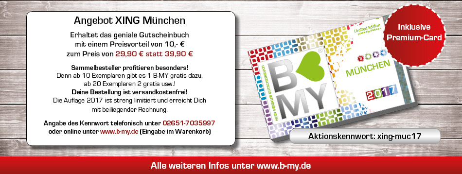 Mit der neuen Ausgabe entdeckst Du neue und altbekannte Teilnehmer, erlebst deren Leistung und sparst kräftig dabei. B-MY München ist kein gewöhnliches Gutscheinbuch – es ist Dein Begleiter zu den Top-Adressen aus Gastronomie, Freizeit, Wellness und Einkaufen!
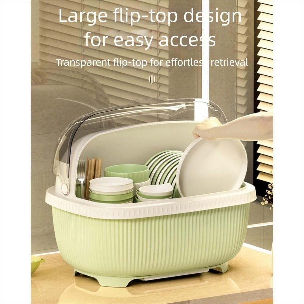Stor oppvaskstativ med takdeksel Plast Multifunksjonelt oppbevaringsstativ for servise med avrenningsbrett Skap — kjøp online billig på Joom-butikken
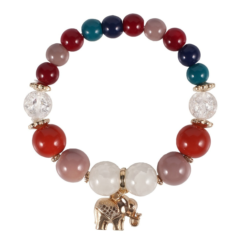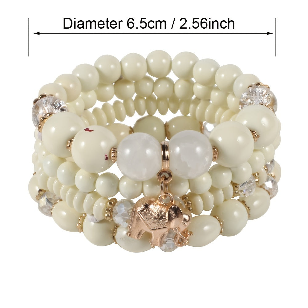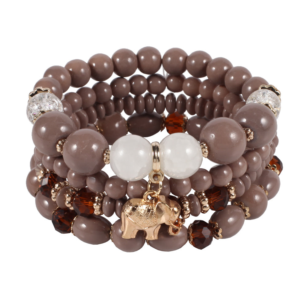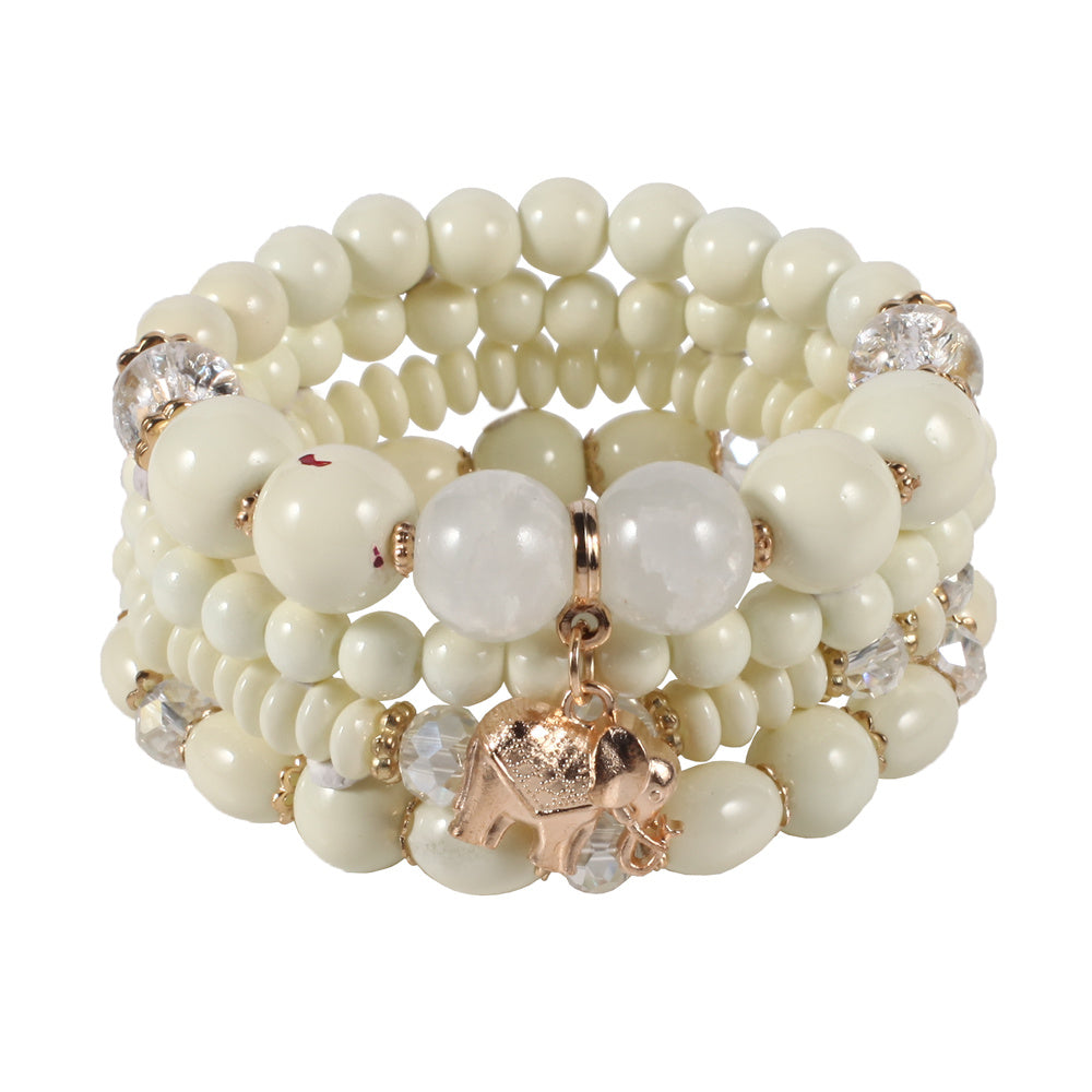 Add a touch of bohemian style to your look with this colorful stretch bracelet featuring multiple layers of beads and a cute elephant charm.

-- Try it --
The expected answer is the data retyped exactly, without pictures.

-- Answer for this exercise --
 Mit der neuen Ausgabe entdeckst Du neue und altbekannte Teilnehmer, erlebst deren Leistung und sparst kräftig dabei. B-MY München ist kein gewöhnliches Gutscheinbuch – es ist Dein Begleiter zu den Top-Adressen aus Gastronomie, Freizeit, Wellness und Einkaufen!
Stor oppvaskstativ med takdeksel Plast Multifunksjonelt oppbevaringsstativ for servise med avrenningsbrett Skap — kjøp online billig på Joom-butikken
 Add a touch of bohemian style to your look with this colorful stretch bracelet featuring multiple layers of beads and a cute elephant charm.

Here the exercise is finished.